Description of the task — Extract the lines of the material below, beginning with the first and ending with the line that holds "王者荣耀:钻石局以上段位人气最高的是峡谷砍王,吕布跌落至T1". Skip every picture.

Recorded information —

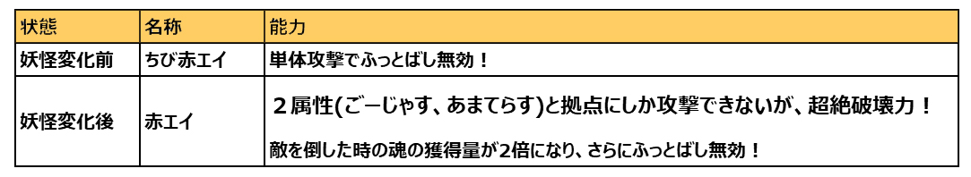 挑戦するステージに合わせて妖怪変化前、変化後を切り替えることで、今まで以上に戦略の幅が広がり活躍が期待できるキャラクターです。ぜひチェックしてくださいね。
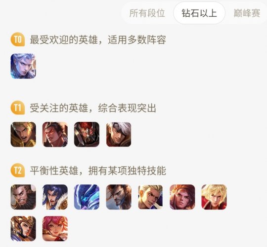 王者荣耀:钻石局以上段位人气最高的是峡谷砍王,吕布跌落至T1
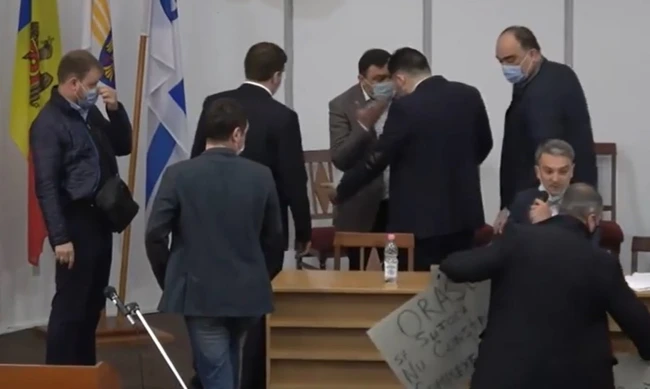 0Şedinţa Consiliului municipal Chişinău de vineri, 2 aprilie, s-a lăsat cu scandal. Proiectul de decizie cu privire la securizarea şi dezvoltarea zonei Centru – Nucleul Istoric al oraşului, a fost aprobat cu votul a 28 de aleşi locali, în timp ce fracţiunea PAS a protestat, ieşind cu pancarte la tribună, înainte ca proiectul să fie prezentat. Consilierii municipali s-au înjurat reciproc, ajungându-se şi la îmbrânceli, transmite IPN.

Your solution —
 挑戦するステージに合わせて妖怪変化前、変化後を切り替えることで、今まで以上に戦略の幅が広がり活躍が期待できるキャラクターです。ぜひチェックしてくださいね。
 王者荣耀:钻石局以上段位人气最高的是峡谷砍王,吕布跌落至T1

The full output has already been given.